Rebuilding Place in the Urban Space

"A community’s physical form, rather than its land uses, is its most intrinsic and enduring characteristic." [Katz, EPA] This blog focuses on place and placemaking and all that makes it work--historic preservation, urban design, transportation, asset-based community development, arts & cultural development, commercial district revitalization, tourism & destination development, and quality of life advocacy--along with doses of civic engagement and good governance watchdogging.

Thursday, August 16, 2012

Housing segregation in DC: is it more about class than race?

Last week's City Paper has a little article and nice graphic, "Apart and Parcel: What Housing Segregation in D.C. Looks Like."  It says:

The persistence of black-white residential segregation reflects the nation’s inability to fully overcome the legacy of slavery, and it negatively affects education attainment, race relations, and productivity.
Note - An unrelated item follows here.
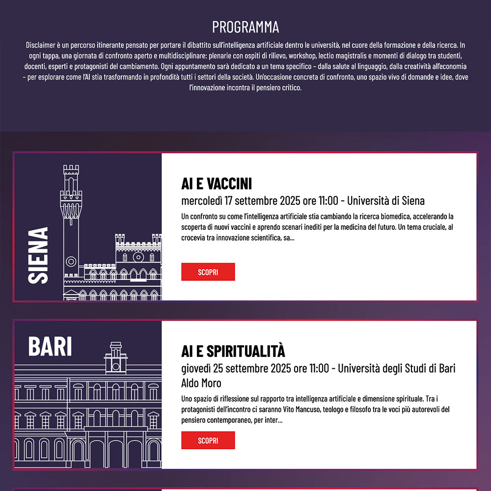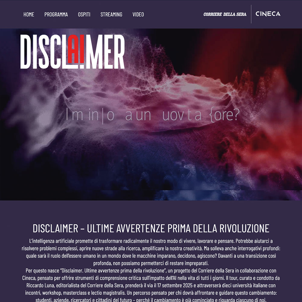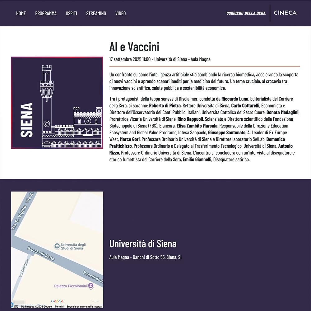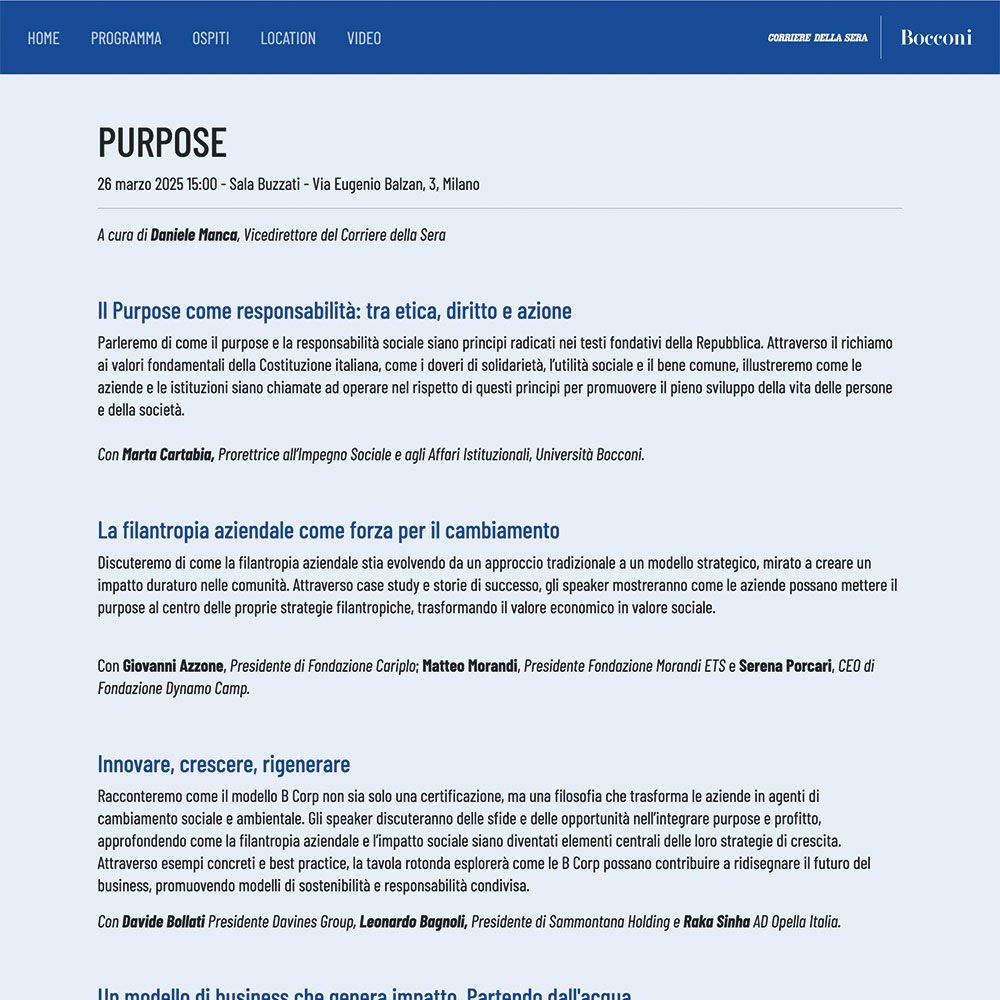 appoggio all'evento, con il programma e le bio dei ospiti, in doppia lingua IT/ENG. Erogazione in

Despite nearly a century of legal and legislative struggles to integrate our blocks, segregation by race is still the norm in the District.

But I think it's tricky, analyzing housing segregation in the city, which exists, because poverty oftentimes masks race.

In the US, we are not big on economic class as an analytical tool, and too often we consider race as the appropriate analytical substitute.

1.  In DC, the most persistently segregated neighborhoods are either of high or extremely low income.

2.  DC has lots of poor African-Americans, but not many poor White people, but some relatively poor Latinos.  So extremely impoverished neighborhoods in DC are likely to be black dominated, not unlike Detroit, which is almost 90% African-American.

3.  DC neighborhoods with well off residents are likely to be white dominated, not because African-Americans don't have money, but because African-Americans of means have tended to move out of the city, and because more generally, African-Americans, unlike the people who watched the tv show Friends, still don't see the center cities as a premium place to live.  (Also see "Commerz in the 'hood... (aka "Commerce as the engine of urbanism")" from 2006 and "Too early to say what the special election in Ward 5 means: but change is coming regardless" from May.)

Restaurant patio, 11th Street NW, Columbia HeightsLeft: patio, Wonderland Ballroom, 11th Street NW, Columbia Heights.

4.  Segregation is also abetted by the neighborhoods where new residents prefer to live, in the core of the city, places like Dupont Circle, Columbia Heights, H Street, Capitol Hill, Downtown.  (When I told someone high up in DC Government where I lived, s/he was derisive, because it isn't a happening place.)  So white places get whiter.

City neighborhoods on the outskirts of the city tend to be either black or white without a lot of mixing, reflecting residential trends dominant in the 1970s.  Now, African-Americans are mostly leaving the city and whites and Latinos are slowly trickling in, such as in Ward 4, which over the last 10 years lost 10,000 African-American residents, and gained 11,000 whites and Latinos.  See "Gentrification and the 'hood: continued."

This trend will solidify because comparatively speaking, the houses are cheaper in neighborhoods like Petworth and Brightwood than they are in the core, and the price attractiveness will lead to more in-migration of whites and Latinos.  (As I have said before, in my neighborhood, with just a few exceptions, houses that come on the market are sold to white or Latino or mixed race households, not African-American families.)